THE Inter-American Committee on the Alliance for Progress--called CIAP from the Spanish initials--has completed the first cycle of its work. In the year since it was created it has reviewed the development efforts of each of the countries of Latin America under the alliance. Its report measures both the internal resources and efforts and the foreign assistance which, together, must support these development efforts.

This report will be forwarded to the Lima meeting of the Inter-American Economic and Social Council which begins on November 30. CIAP's report, and the meetings of the experts and ministerial representatives of all the nations of the Inter-American system at Lima, suggest an appropriate opportunity for me to renew our support of the Alliance for Progress.

Firm and continued support for the principles of the Charter of Punta del Este is the central theme of all we do in the hemisphere. The United States considers itself a partner with the peoples of Latin America. Theirs is a struggle to create a new future, a better way of life, in which each human being of the hemisphere may reach his own full potential. We are proud to say that we will continue to play our part by support and participation in the work of the CIAP.

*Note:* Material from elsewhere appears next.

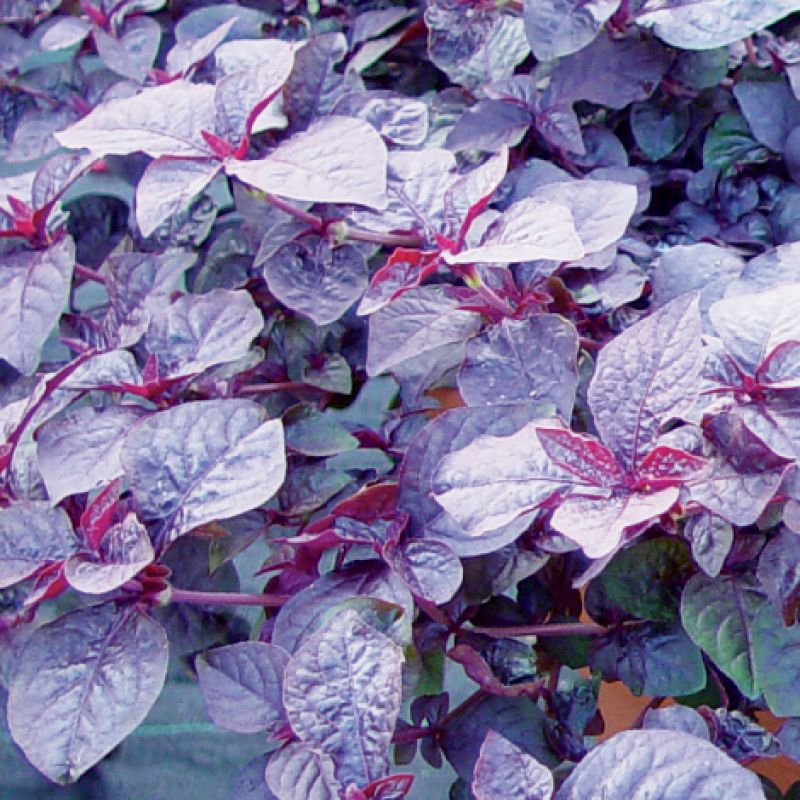 This variety of the classic summertime annual reaches 18 to 24 inches in height and gives quite a show with its deep purple leaves. Harvest it frequently to keep in scale and minimize water demands. If it becomes woody, cut back by one-third to encourage a fresh flush of growth. Basil roots well by vegetative cutting, and its leaves are excellent in sauces and with fish, lamb, and poultry.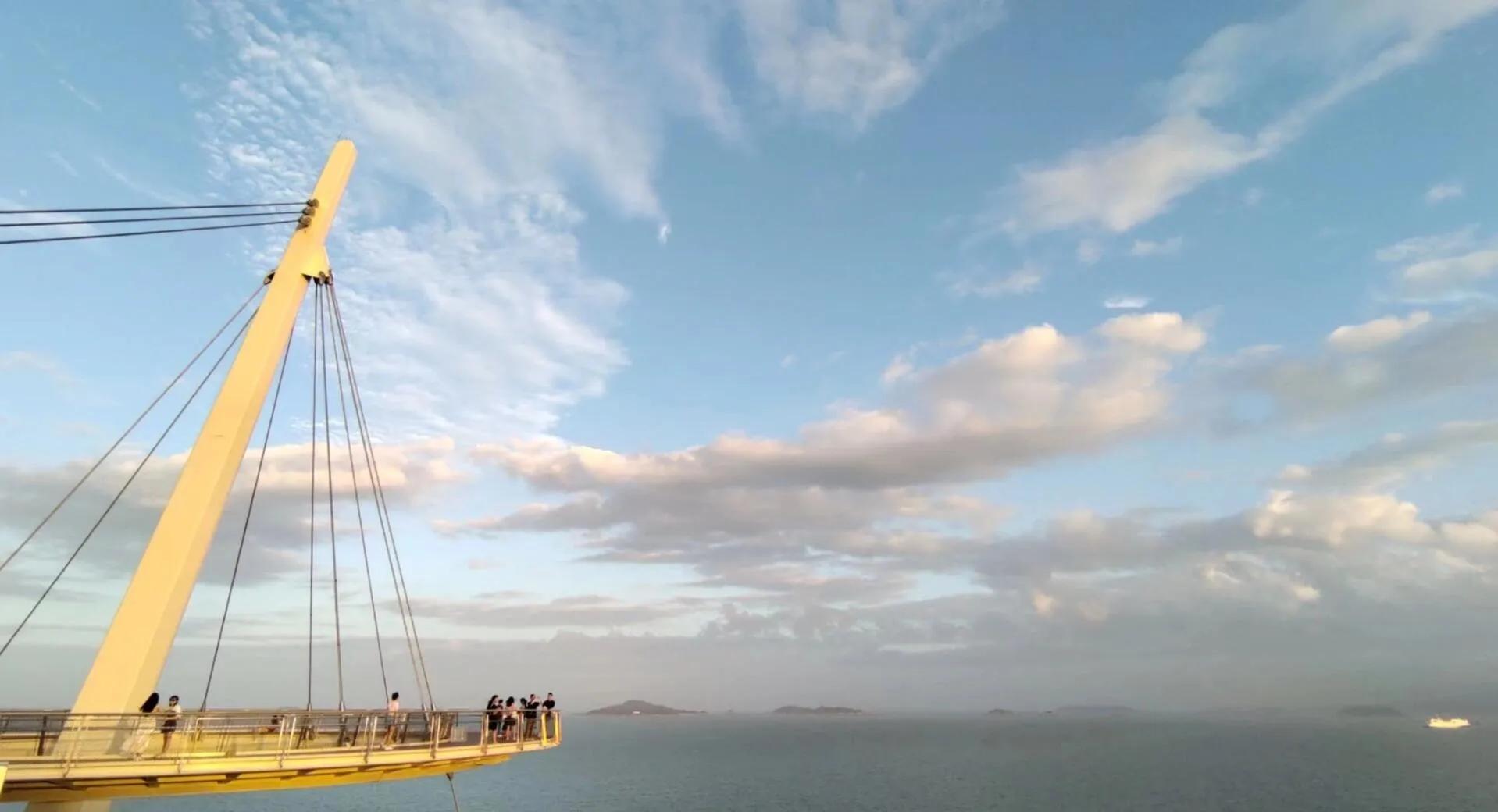 在海上飞碟处观看大海,是一种独特而震撼人心的体验 。厦门的山海健康步道绝对值得一走,这里处处彰显着厦门的浪漫气息。海上飞碟面积很大,随手一拍就能拍出超级美照。日落时分的氛围感让人沉醉,永远为厦门的日落心动。

We are encouraged in this by developments in the hemisphere during the last year.

All the problems of the Alliance for Progress have not of course been solved in the rapid unfolding of events in 1964. Obstacles are still before us--obstacles which all nations of the hemisphere must bend their efforts to overcome.

There must be peaceful changes in the countryside, in order to bring full social justice to the poor who work the lands, to increase the production of food and fiber to feed the rapidly growing population of Latin America and expand markets for the burgeoning industries of the hemisphere.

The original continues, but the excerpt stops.